After the war some of these sons of both America and Korea returned to Korea with the US armed forces to contribute their knowledge of the country to the US military government of liberated Korea. They became the only American experts on Korea in the US occupation force, contributing immeasurably to its actions but exerting no influence over the decisions of the distant Department of State in Washington. US strategic mistakes abounded in Korea as a result as the Department of State refused to allow the US military government to support the Korean Provisional Government; the Korean Provisional Government dissolved into factions around Kim Ku, Syngman Rhee, and other leaders. Syngman Rhee won a bloody contest for power, all while the Soviet Union systematically created a Communist regime under Kim Il-sung in the north.
Forgotten But Not Gone
Americans were destined to poorly understand the Republic of Korea, established in the south in 1948. The American public never knew, and the US government never sponsored or recognized, the role of turn-of-the-century American missionaries in Korea, which traced its intellectual heritage to those Christians. Korea became a thriving democracy with a predominantly Christian society, and Christians outnumbered all other faiths by the end of the twentieth century; embracing Christianity became practically obligatory in the educated class. Meanwhile, few Americans know that American missionaries brought these ideas to Korea in the late nineteenth and early twentieth centuries. The American missionaries of Korea were forgotten in the United States, or never actually known in the first place.

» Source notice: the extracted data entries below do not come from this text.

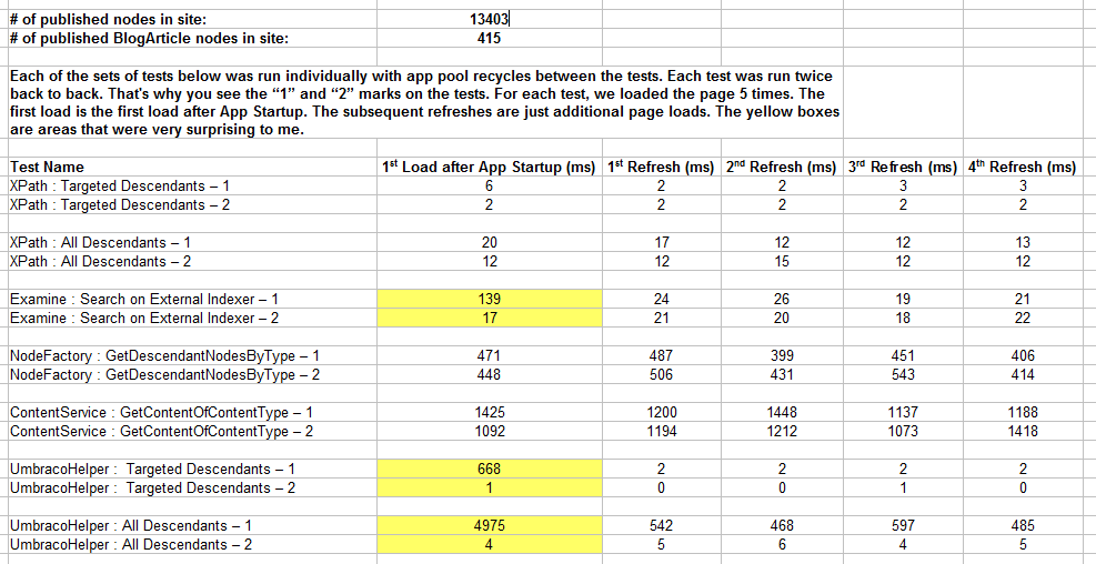 The first thing I noticed is that both the Examine and the UmbracoHelper Linq queries take a really long time the first time they are run. After that, they speed up quite a bit and even begin to perform a little faster than the UmbracoHelper XPath queries, but I'd like to know exactly what is happening to cause the slow first load of all of the data. It would be interesting to run these tests on a much larger site. I hope to blog again with more learnings.
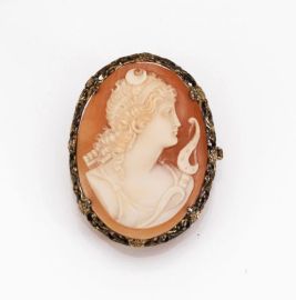di forma ovale rispettivamente raffiguranti: profilo femminile in vesti classiche con montatura a spilla-pendente in oro giallo a basso titolo inciso a volute; profilo femminile in vesti classiche con farfalla montatura a spilla-pendente in oro giallo e microperle; profilo di Diana cacciatrice, montatura traforata in oro a basso titolo e argento traforati a volute (3)
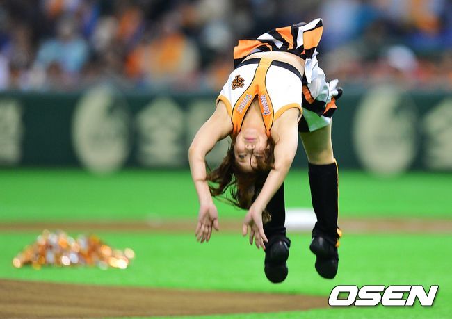 경기 시작을 앞두고 요미우리 치어리더들이 멋진 응원을 펼치고 있다.
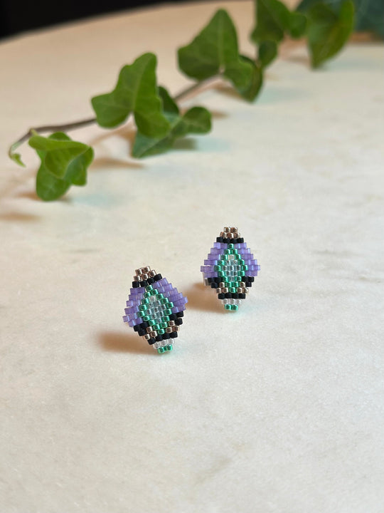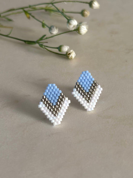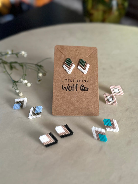 Cute mini studs to add a little shine to your every day wear. Made by Little Shiny Wolf ❤️ Materials: Size 11 delicas, white gold plated post Dimensions (Excluding Hooks): Length: 2 cm Width: 1.5 cm ____________________________...Regular price $34.99 -
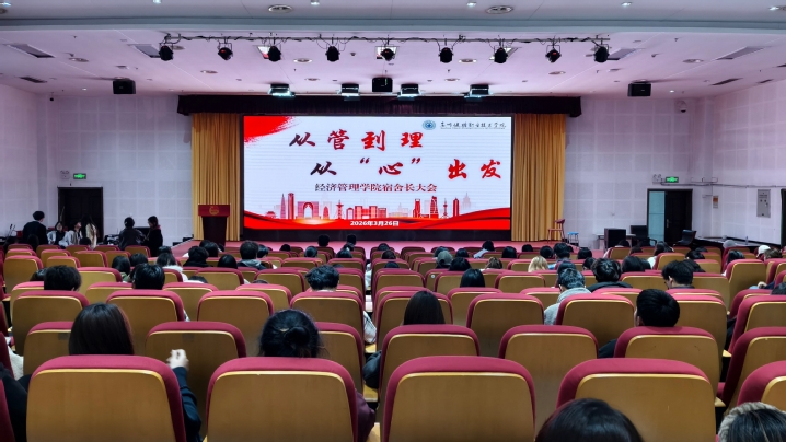 为进一步规范宿舍管理,强化宿舍长责任意识,提升宿舍管理与服务水平,3月26日,经济管理学院“寓见”一站式社区工作室于图书馆报告厅成功举办了“从管到理,从‘心’出发”宿舍长大会。学院24、25级全体宿舍长参加了此次活动。
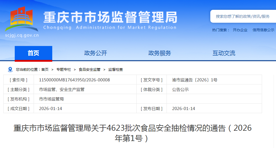 近期,重庆市市场监督管理局组织抽检饼干、餐饮食品、茶叶及相关制品、炒货食品及坚果制品、淀粉及淀粉制品、豆制品、方便食品、蜂产品、糕点、罐头、酒类、可可及焙烤咖啡产品、冷冻饮品、粮食加工品、肉制品、乳制品、食品添加剂、食糖、食用农产品、食用油、油脂及其制品、蔬菜制品、薯类和膨化食品、水产制品、水果制品、速冻食品、糖果制品、特殊膳食食品、调味品、饮料等29类食品4623批次样品。抽样检验项目合格样品4606批次,不合格样品17批次。现通告如下:
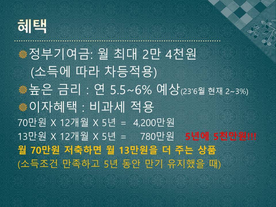 계산을 해봤더니 매월 70만 원을 저축하면 여기에 13만원을 더 준다고 생각하면 좋을 것 같습니다. 월 70만원을 저축했을 때 5년 경과되면 총 4,200만 원의 저축액이 형성됩니다. 여기에 800만 원을 더해서 5,000만원을 만들어준다는 목표를 세웠습니다. 800만원을 60개월로 나눠봤더니 월 13만 3천 원이 더해져야 합니다. 월 70만 원에 대한 수익률이 거의 20%가 되는 것이네요. 이처럼 역대급 혜택이 제공되기 때문에 계획대로 은행권들이 협조해 준다면 많은 청년들이 참여할 수 있을 것이라고 예상합니다.
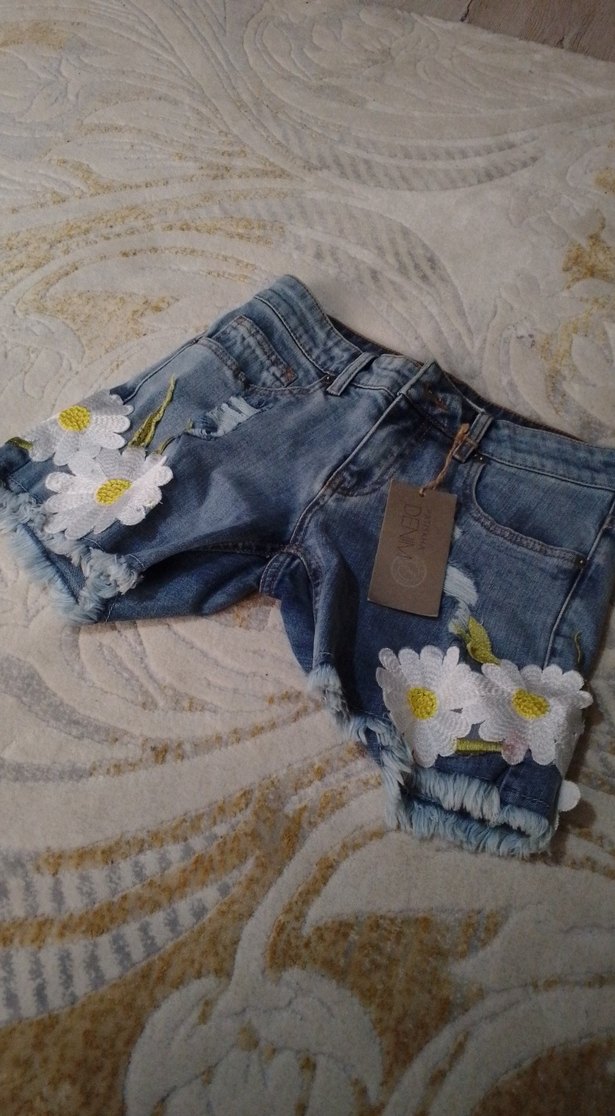 Gevşek kesim, çiçek dantel işlemeli kot şort, kısa boy ve günlük kullanım için uygun rahat sokak stili.
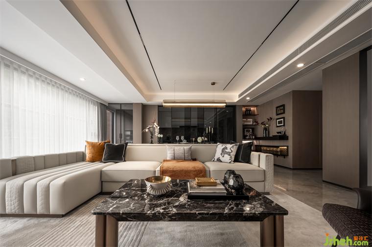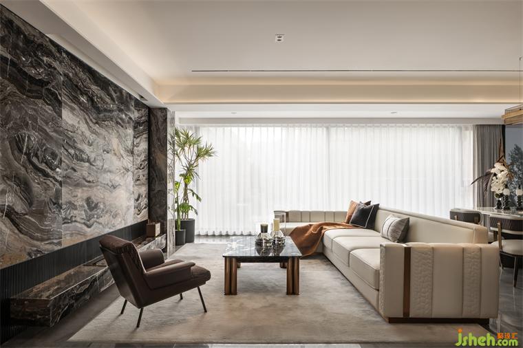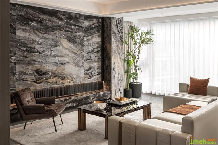 半環(huán)繞式的沙發(fā)隔絕了室外喧鬧,為空間帶來了更多的沉浸之感??蛷d的大理石墻面線條豐富但不繁瑣。四時的光影在石體上流轉(zhuǎn),金屬的堅硬不羈、皮質(zhì)的原生觸感、玻璃的質(zhì)感光澤,各自保有個性又相得益彰,讓原本單一的空間被解構(gòu)為豐富變化的生活情境。

The academic profession in the United States has completed the forgetting of the American past in Korea. The study of Korea in US universities was hijacked by leftist academics such as Bruce Cumings, who has ruthlessly denied the significance of Korean Christianity and the democratic aspirations of Korean nationalists that date back over a century. Events such as the March First Movement and the spread of Christianity do not exist in Cumings’ version of Korea’s history, which is not unlike a history of Israel written by a Holocaust denier.

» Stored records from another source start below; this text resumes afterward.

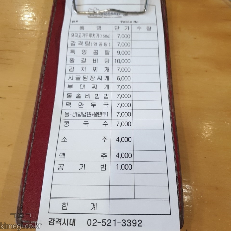 감격시대 고기 메뉴판이에요.
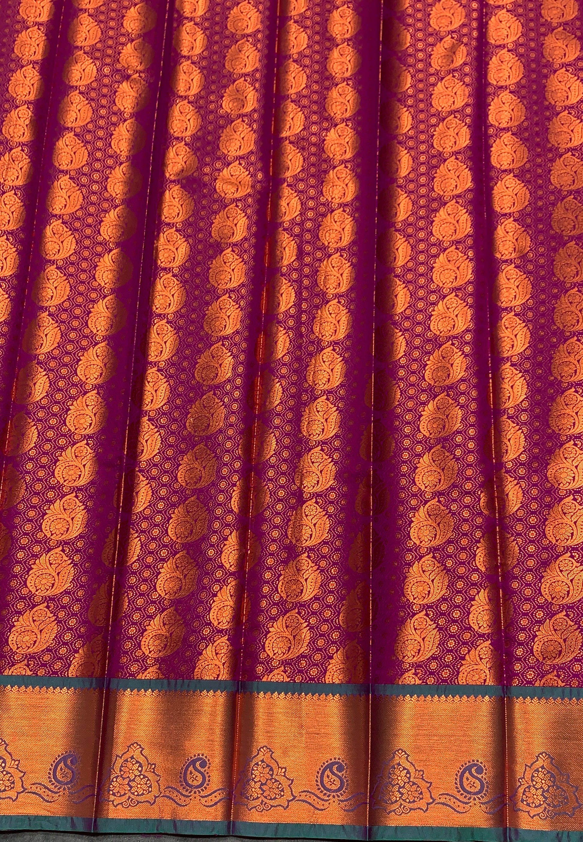Vegan Silk Saree Magenta Colour with Green and Copper Border
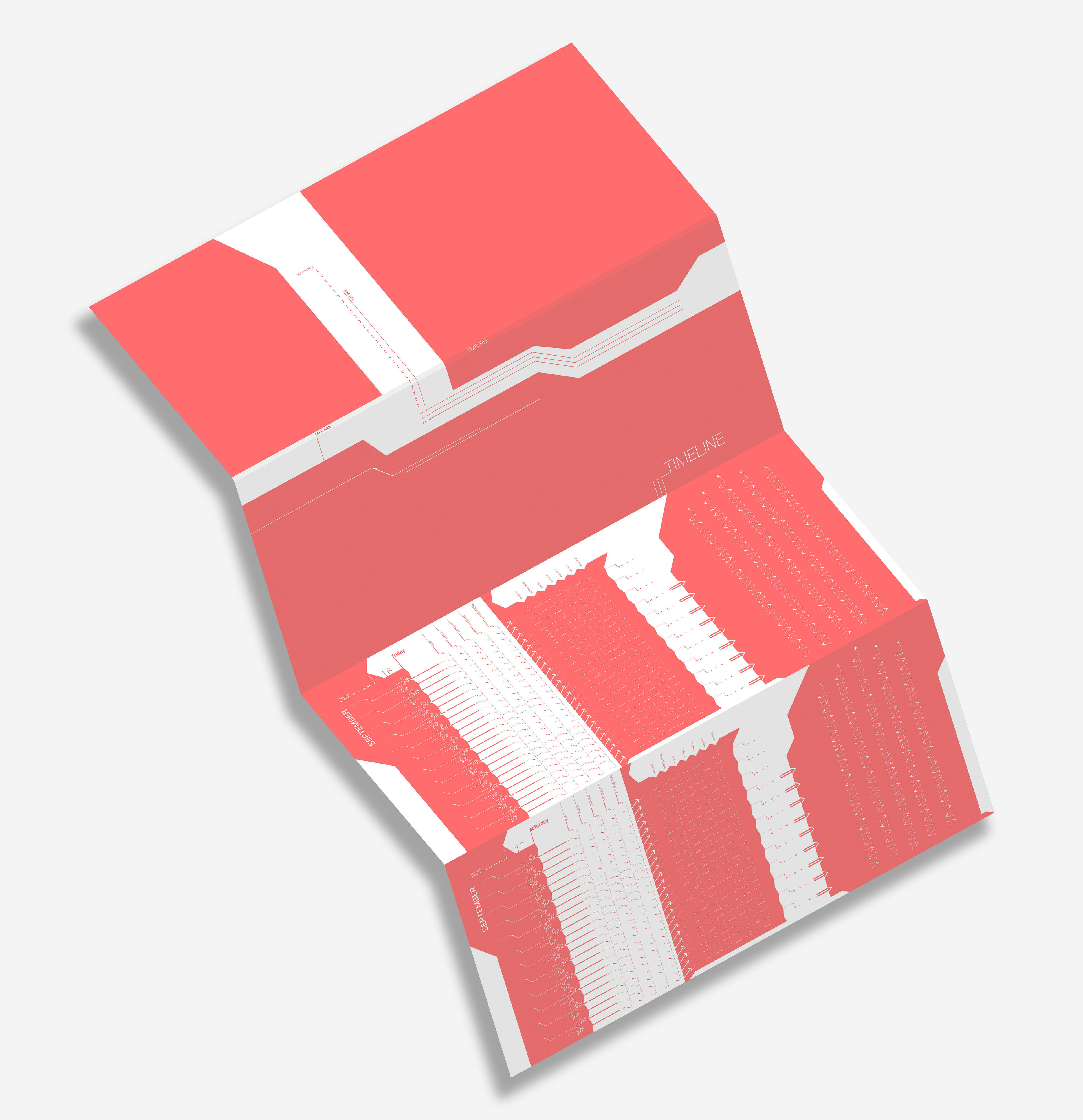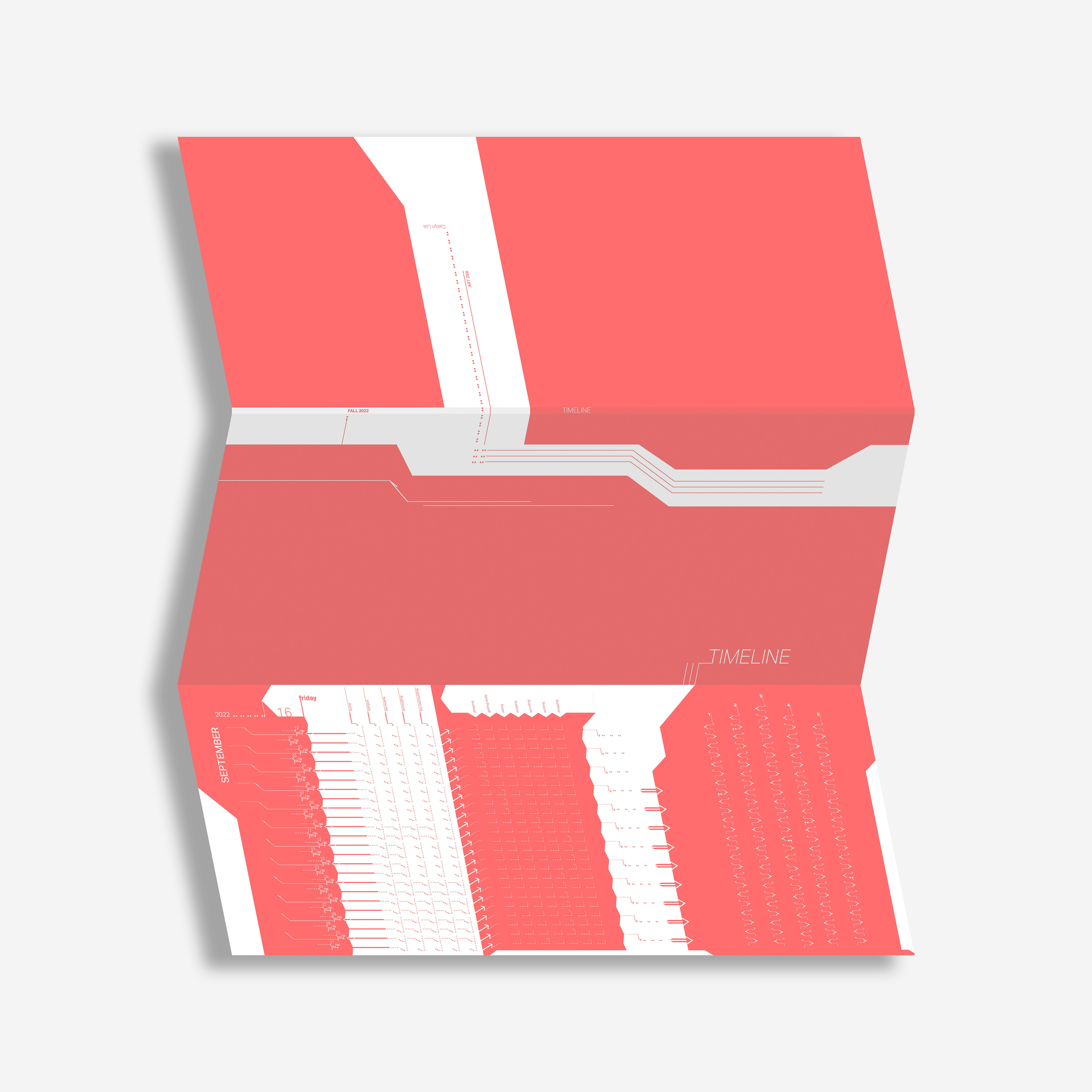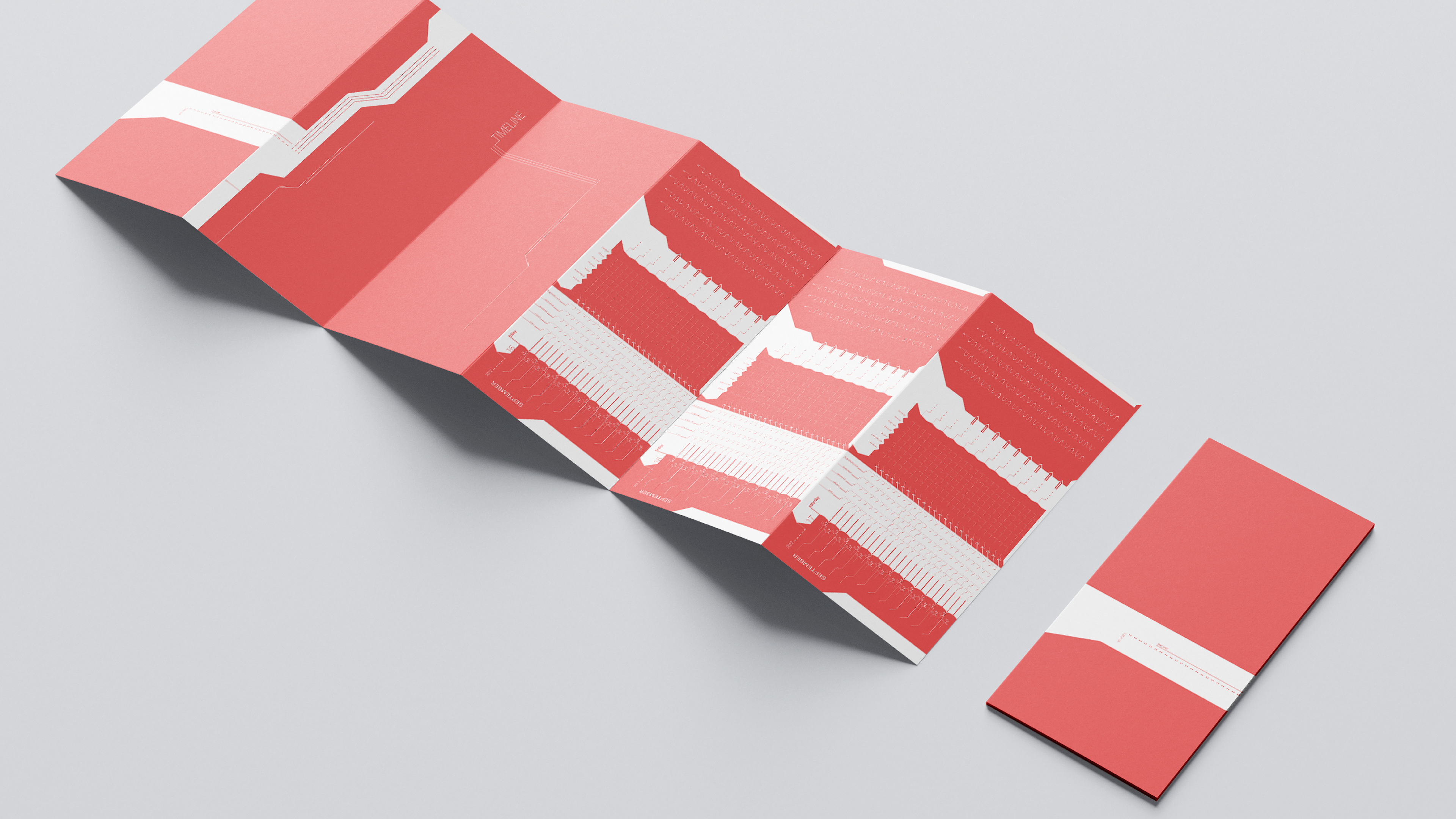 An accordion booklet and slipcase designed to display a timeline of events. This project involves both analytical and typographic work, using clear, organized typographic marks.

Koreans themselves are amply aware of the American past in Korea and the role of missionaries in it. The Korean Presbyterian and Methodist churches and the universities that trace their origins back to American missionaries have never forgotten, and organizations, such as the Homer Hulbert Memorial Society, are rediscovering the contributions of Americans to the survival and modernization of Korea. Americans would be well advised to re-learn the role of American missionaries in the history of Korea and the relevance of that past to the ongoing US disputes with North Korea and the evolving US-South Korea relationship.